The current environment can also create alternative sources of funding for emerging markets through private debt markets and blended finance. Given the need for capital for government-sponsored infrastructure projects, particularly in poorer emerging market countries, we could see market participants developing innovative solutions to bridge the gap that public market closure has created. This dynamic is not too dissimilar to the formation of European private debt markets over a decade ago. Even so, historically investors have been more comfortable with liquid emerging markets exposure given the volatile nature of the asset class.
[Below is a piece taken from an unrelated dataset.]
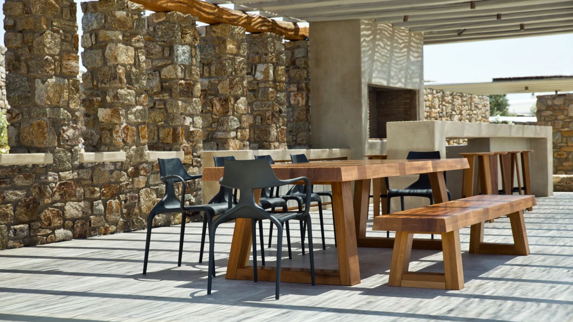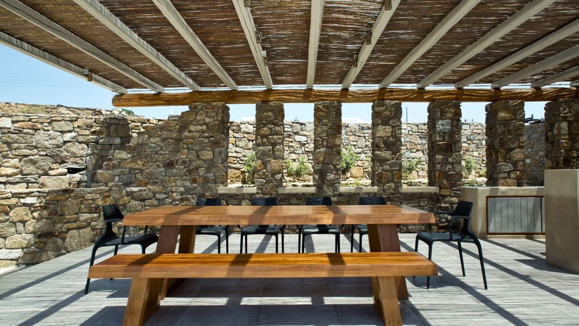 Ideally located in the Agia Sofia area, the Aria Mykonos Villa a home-away-from-home, combines state-of-the-art amenities and exclusive VIP services with the traditional Mykonian style. The architecture of the residence is based on natural materials such as stone and wood, to ensure light abundance and the open space experience.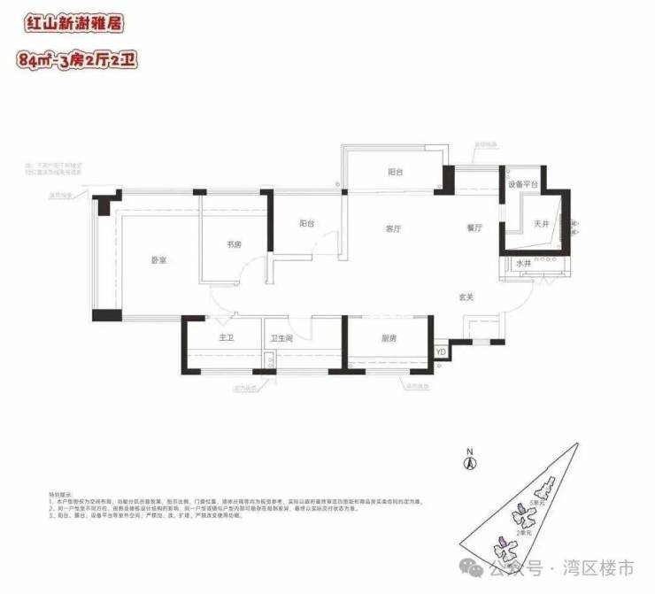 84㎡的3房2厅2卫,设计的是横厅南北通透格局,客厅3.4米开间,LDKG+X空间一体化,动静分区,主卧南北通设计,餐厅位带1个设备平台,U型厨房,卫生间干湿分离,得房率:100%(包含赠送),阳台东北朝向。

Extending the liquidity time horizon would require many investors to be convinced of the trustworthiness of their partner in this long-term relationship or to have that exposure de-risked with guarantees or other backing from multilateral development finance institutions or their developed market shareholders. This would also go some way to meeting the pledges made at recent international conferences for the rich north to transfer resources to the poorer south for so-called ‘loss and damage’ from climate change.
For this, emerging market countries have to continue working on improving their institutions, in particular the judicial side including bankruptcy procedures, to become more aligned with some of the European economies, where progress has been made in recent years to improve creditors’ stance in debt restructurings. Over the coming months, ongoing sovereign restructuring discussions with countries such as Zambia and Ghana could provide investors with more clarity on how they can expect a new partnership to develop with these distressed borrowers. Should the stars align with successful outcomes, this could potentially pave the way for a new, more open and constructive relationship framework.
We are currently at the crossroads where emerging markets have an opportunity to be added to the structural allocation of investors’ portfolios, thus migrating from a love affair seduced by a high coupon to advancing into a long-term partnership and true love.